▸ Exercise requirements: Copy the records below exactly, starting at the line that contains "Orange & Yellow" and ending at the line that contains "Piece launched in"; leave out any pictures.

▸ Input for this task:
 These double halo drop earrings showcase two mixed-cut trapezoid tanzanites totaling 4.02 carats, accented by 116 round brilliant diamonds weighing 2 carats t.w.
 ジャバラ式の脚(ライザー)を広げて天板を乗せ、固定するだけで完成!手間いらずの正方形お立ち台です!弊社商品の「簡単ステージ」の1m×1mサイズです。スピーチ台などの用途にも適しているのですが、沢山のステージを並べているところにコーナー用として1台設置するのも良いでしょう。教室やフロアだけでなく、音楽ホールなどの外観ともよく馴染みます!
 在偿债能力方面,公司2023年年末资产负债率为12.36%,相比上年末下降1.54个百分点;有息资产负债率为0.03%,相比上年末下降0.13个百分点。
==
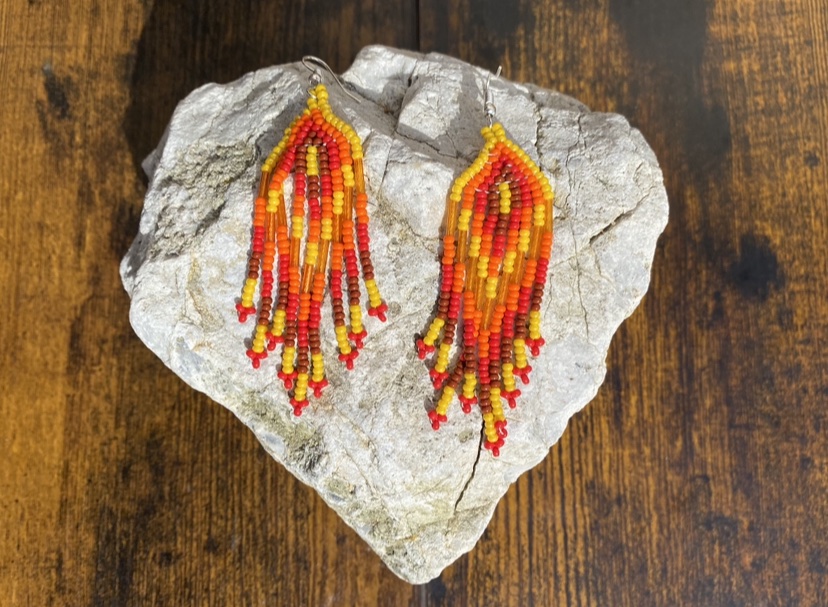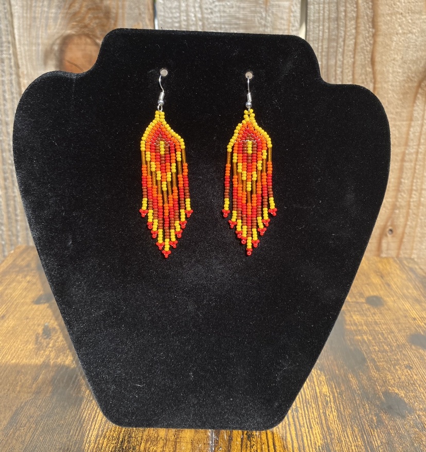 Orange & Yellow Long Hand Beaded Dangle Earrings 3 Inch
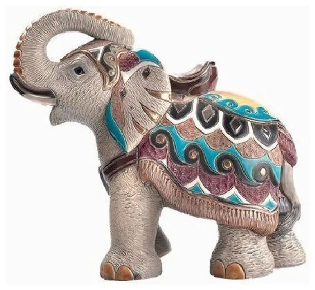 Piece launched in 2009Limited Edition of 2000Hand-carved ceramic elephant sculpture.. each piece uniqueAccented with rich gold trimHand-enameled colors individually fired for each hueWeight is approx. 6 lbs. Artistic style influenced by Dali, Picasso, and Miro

▸ Output of the task:
 Orange & Yellow Long Hand Beaded Dangle Earrings 3 Inch
 Piece launched in 2009Limited Edition of 2000Hand-carved ceramic elephant sculpture.. each piece uniqueAccented with rich gold trimHand-enameled colors individually fired for each hueWeight is approx. 6 lbs. Artistic style influenced by Dali, Picasso, and Miro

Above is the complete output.